Print the listing below verbatim, passing over each picture.
━━━━━ Data below ━━━━━
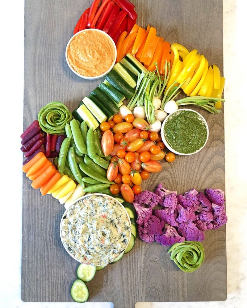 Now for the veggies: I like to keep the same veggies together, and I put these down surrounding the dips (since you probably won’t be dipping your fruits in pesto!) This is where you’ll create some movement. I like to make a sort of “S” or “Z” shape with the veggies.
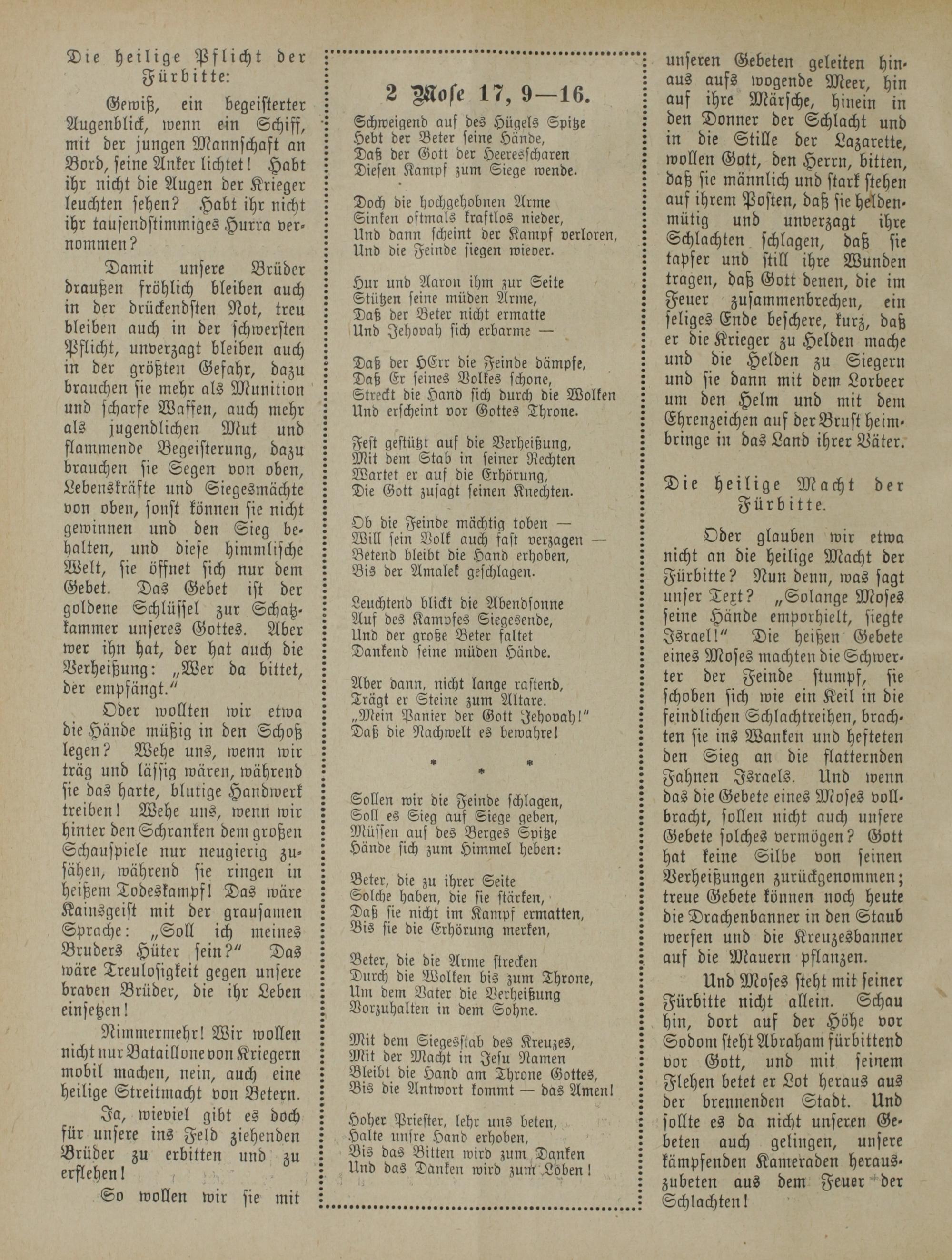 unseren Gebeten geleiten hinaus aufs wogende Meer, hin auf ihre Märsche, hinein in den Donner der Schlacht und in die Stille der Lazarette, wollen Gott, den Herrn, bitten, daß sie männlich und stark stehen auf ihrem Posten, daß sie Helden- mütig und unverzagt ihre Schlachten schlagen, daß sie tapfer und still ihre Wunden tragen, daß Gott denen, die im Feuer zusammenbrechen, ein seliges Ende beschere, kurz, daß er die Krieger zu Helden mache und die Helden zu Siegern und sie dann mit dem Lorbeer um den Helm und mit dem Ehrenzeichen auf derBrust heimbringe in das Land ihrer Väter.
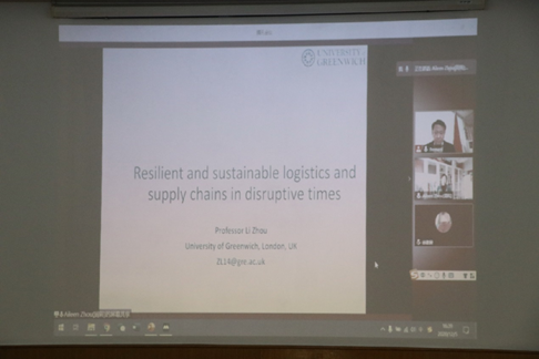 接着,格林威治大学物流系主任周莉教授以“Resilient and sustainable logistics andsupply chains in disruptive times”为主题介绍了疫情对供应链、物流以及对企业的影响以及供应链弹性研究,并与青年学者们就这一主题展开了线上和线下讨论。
━━━━━
(Response to this exercise):
 Now for the veggies: I like to keep the same veggies together, and I put these down surrounding the dips (since you probably won’t be dipping your fruits in pesto!) This is where you’ll create some movement. I like to make a sort of “S” or “Z” shape with the veggies.
 unseren Gebeten geleiten hinaus aufs wogende Meer, hin auf ihre Märsche, hinein in den Donner der Schlacht und in die Stille der Lazarette, wollen Gott, den Herrn, bitten, daß sie männlich und stark stehen auf ihrem Posten, daß sie Helden- mütig und unverzagt ihre Schlachten schlagen, daß sie tapfer und still ihre Wunden tragen, daß Gott denen, die im Feuer zusammenbrechen, ein seliges Ende beschere, kurz, daß er die Krieger zu Helden mache und die Helden zu Siegern und sie dann mit dem Lorbeer um den Helm und mit dem Ehrenzeichen auf derBrust heimbringe in das Land ihrer Väter.
 接着,格林威治大学物流系主任周莉教授以“Resilient and sustainable logistics andsupply chains in disruptive times”为主题介绍了疫情对供应链、物流以及对企业的影响以及供应链弹性研究,并与青年学者们就这一主题展开了线上和线下讨论。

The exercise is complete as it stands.